Jane Pearson or Jane Sibson (1735 – 20 March 1816) was a British Quaker minister and diarist.

==Life==
Pearson was born in Newtown in Carlisle in about 1735. Her religious parents were Jonathan and Jane Sibson. She took notes on her life as she read the scriptures, which she found enjoyable. She wrote about the pain of losing her father and her understanding of God. Her mother was protective of her education and she employed a tutor so that she could be taught at home in line with their beliefs. Quakers were expected to have a "plainness of speech, behaviours and apparel".

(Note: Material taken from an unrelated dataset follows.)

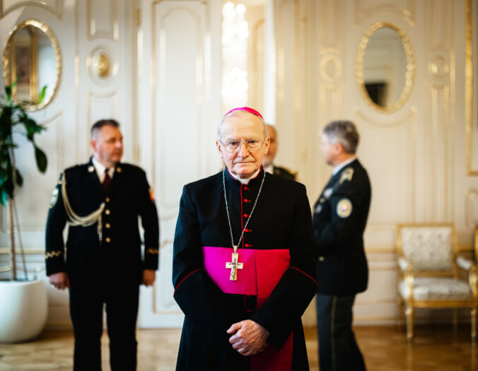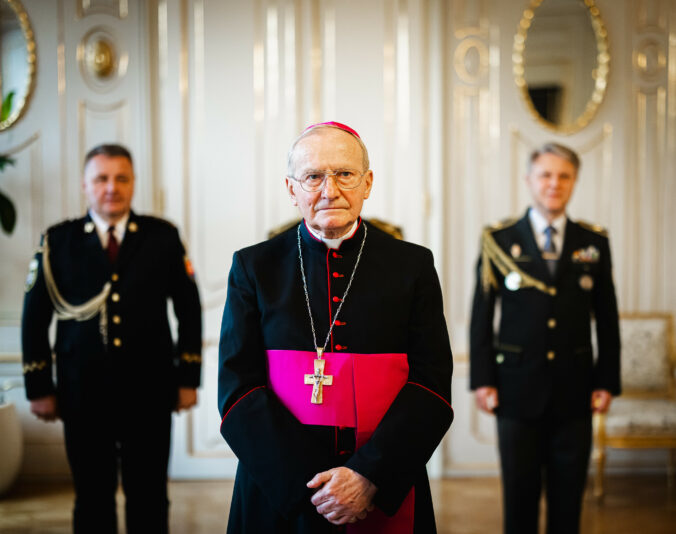 Mons. František Rábek (v popredí) počas odovzdania ďakovnej medaily prezidentom SR v Prezidentskom paláci pri príležitosti ukončenia 22-ročného pôsobenia Františka Rábeka na poste prvého ordinára Ozbrojených síl a ozbrojených zborov SR. Bratislava, 17. október 2025. Foto: SITA/Kancelária prezidenta SR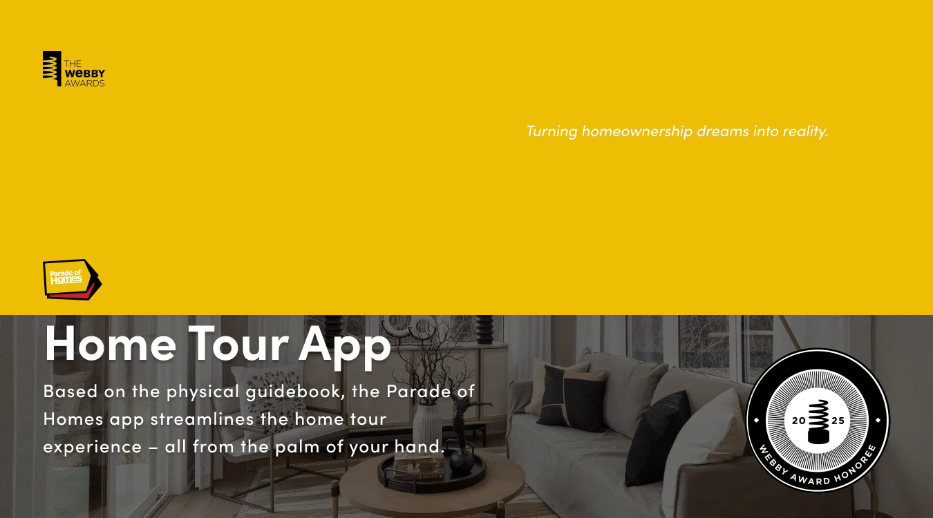 House First Minnesota’s Parade of Homes mobile app was named a Webby Award Honoree in the Best Visual Design category. Honoree status, as awarded by the International Academy of Digital Arts & Sciences, recognizes only the top 25% of entries in the Webby Awards.

Pearson's writings reveal that she was quiet and not confident, however she felt that she was intended to evangelise to others. Early in her twenties she married a fellow Quaker John Pearson. Her new husband was from Greysouthen in Cumbria and he made linen.

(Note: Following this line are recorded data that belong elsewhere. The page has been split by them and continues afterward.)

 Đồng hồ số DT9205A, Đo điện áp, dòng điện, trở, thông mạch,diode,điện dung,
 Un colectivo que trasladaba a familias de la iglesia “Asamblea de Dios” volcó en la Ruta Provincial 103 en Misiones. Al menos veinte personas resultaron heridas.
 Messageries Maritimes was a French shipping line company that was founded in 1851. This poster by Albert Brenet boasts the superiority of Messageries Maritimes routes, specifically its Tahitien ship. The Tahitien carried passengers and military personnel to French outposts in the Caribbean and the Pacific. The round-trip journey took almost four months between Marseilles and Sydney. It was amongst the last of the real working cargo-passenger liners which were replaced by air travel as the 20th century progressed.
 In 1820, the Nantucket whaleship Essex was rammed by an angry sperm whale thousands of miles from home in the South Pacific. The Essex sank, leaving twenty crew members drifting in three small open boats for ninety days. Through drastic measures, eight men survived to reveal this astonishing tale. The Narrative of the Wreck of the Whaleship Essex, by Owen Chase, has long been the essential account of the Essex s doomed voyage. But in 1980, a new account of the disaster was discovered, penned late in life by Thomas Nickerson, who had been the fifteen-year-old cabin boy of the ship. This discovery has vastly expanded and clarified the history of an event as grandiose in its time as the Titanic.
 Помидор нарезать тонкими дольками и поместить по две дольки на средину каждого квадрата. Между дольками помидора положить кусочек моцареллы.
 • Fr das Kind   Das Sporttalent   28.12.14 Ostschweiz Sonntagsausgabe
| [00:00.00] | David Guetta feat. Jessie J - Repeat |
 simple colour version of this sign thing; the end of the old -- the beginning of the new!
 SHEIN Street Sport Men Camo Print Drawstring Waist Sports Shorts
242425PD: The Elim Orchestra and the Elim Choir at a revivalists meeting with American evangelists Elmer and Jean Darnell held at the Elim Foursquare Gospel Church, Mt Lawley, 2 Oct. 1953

Pearson's husband was a comfort to her and when he died in June 1774 she recorded that she would have found it easier to lose her children than him. She was to lose all of them in time. Her youngest daughter died when she was nineteen and her last daughter died in 1806.

Pearson now began her ministry. For forty-two years she travelled and spoke at the meeting of Quaker women across Lancashire and Yorkshire. She wrote many letters including The correspondence with Thomas Wilkinson (1751–1836) and other Quaker ministers Esther Tuke, Deborah Darby whose family helped start the Industrial Revolution and the American born Rebecca Jones.

==Death and legacy==
Pearson died in Whitehaven in 1816 having outlived her husband and all her children by ten years. Quaker funerals were sombre affairs. A note from Whitehaven dated 1800 warns fellow Quakers to only invite a select number to a funeral where the food should be sufficient. The aim was to allow those present to have "mournful yet instructive meditation."

In the year after her death, her writings were assembled into a book and published. This is the major source of her life. Some of her letters covering 1784 to 1821 are in the local records library.